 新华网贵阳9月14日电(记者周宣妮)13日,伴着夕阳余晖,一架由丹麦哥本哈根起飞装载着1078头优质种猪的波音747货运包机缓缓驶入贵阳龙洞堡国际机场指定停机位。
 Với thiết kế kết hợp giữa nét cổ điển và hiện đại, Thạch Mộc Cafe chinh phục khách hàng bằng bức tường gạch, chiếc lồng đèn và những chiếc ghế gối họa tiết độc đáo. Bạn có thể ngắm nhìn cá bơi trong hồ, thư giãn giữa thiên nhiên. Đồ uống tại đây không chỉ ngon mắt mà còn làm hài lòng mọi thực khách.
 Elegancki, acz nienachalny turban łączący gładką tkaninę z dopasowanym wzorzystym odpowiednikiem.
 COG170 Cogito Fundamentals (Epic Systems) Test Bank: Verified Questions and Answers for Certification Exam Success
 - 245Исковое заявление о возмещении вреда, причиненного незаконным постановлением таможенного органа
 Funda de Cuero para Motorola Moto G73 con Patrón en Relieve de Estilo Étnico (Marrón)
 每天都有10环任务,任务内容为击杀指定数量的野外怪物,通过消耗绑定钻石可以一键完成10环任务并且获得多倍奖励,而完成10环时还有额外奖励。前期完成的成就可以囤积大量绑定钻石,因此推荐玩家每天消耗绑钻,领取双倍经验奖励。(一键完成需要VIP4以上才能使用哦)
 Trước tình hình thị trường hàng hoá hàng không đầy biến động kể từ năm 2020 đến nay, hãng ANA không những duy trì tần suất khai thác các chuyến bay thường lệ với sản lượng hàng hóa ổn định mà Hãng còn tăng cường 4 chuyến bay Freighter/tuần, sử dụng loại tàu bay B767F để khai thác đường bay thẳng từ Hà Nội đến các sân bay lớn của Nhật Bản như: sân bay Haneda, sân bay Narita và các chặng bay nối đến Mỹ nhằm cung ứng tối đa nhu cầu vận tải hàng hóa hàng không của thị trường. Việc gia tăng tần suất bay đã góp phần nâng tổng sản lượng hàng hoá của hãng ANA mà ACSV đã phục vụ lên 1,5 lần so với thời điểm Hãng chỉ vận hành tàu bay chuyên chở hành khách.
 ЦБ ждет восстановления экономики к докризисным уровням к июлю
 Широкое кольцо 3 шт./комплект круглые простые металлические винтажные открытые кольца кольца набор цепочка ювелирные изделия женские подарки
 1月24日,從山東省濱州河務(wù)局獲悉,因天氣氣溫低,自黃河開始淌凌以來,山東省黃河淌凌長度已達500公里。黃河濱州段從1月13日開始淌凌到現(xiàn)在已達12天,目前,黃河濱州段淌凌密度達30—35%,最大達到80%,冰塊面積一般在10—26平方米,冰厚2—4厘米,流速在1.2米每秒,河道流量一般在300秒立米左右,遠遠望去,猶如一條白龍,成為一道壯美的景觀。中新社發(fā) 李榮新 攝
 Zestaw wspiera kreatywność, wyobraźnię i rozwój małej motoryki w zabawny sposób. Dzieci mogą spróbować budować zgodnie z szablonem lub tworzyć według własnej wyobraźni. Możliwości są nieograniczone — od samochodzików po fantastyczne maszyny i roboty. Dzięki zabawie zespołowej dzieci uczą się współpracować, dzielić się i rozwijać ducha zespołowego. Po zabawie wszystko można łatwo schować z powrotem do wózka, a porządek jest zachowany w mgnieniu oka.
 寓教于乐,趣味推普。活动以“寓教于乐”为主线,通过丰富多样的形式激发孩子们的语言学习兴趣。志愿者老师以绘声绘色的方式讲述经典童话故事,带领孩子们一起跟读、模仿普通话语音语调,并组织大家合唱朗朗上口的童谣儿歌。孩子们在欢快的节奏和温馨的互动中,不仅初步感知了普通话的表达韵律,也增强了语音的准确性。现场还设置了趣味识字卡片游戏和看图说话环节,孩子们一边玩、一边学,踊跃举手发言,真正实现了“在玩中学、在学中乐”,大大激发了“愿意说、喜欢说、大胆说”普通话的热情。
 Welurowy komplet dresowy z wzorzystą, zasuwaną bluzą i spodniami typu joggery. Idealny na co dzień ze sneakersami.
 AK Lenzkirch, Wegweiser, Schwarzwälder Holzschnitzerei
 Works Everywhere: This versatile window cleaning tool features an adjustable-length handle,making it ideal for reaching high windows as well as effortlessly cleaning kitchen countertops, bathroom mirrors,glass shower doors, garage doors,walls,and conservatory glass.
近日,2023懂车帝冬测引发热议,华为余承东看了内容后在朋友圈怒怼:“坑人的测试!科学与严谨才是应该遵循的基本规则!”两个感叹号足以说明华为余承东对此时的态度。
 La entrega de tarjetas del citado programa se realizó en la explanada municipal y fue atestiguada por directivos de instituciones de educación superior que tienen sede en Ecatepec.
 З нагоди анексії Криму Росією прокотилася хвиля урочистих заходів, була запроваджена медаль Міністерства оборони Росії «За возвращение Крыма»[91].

REQUIREMENT: Please copy out every line in the listing that has the string "phục".

REPLY:
 Với thiết kế kết hợp giữa nét cổ điển và hiện đại, Thạch Mộc Cafe chinh phục khách hàng bằng bức tường gạch, chiếc lồng đèn và những chiếc ghế gối họa tiết độc đáo. Bạn có thể ngắm nhìn cá bơi trong hồ, thư giãn giữa thiên nhiên. Đồ uống tại đây không chỉ ngon mắt mà còn làm hài lòng mọi thực khách.
 Trước tình hình thị trường hàng hoá hàng không đầy biến động kể từ năm 2020 đến nay, hãng ANA không những duy trì tần suất khai thác các chuyến bay thường lệ với sản lượng hàng hóa ổn định mà Hãng còn tăng cường 4 chuyến bay Freighter/tuần, sử dụng loại tàu bay B767F để khai thác đường bay thẳng từ Hà Nội đến các sân bay lớn của Nhật Bản như: sân bay Haneda, sân bay Narita và các chặng bay nối đến Mỹ nhằm cung ứng tối đa nhu cầu vận tải hàng hóa hàng không của thị trường. Việc gia tăng tần suất bay đã góp phần nâng tổng sản lượng hàng hoá của hãng ANA mà ACSV đã phục vụ lên 1,5 lần so với thời điểm Hãng chỉ vận hành tàu bay chuyên chở hành khách.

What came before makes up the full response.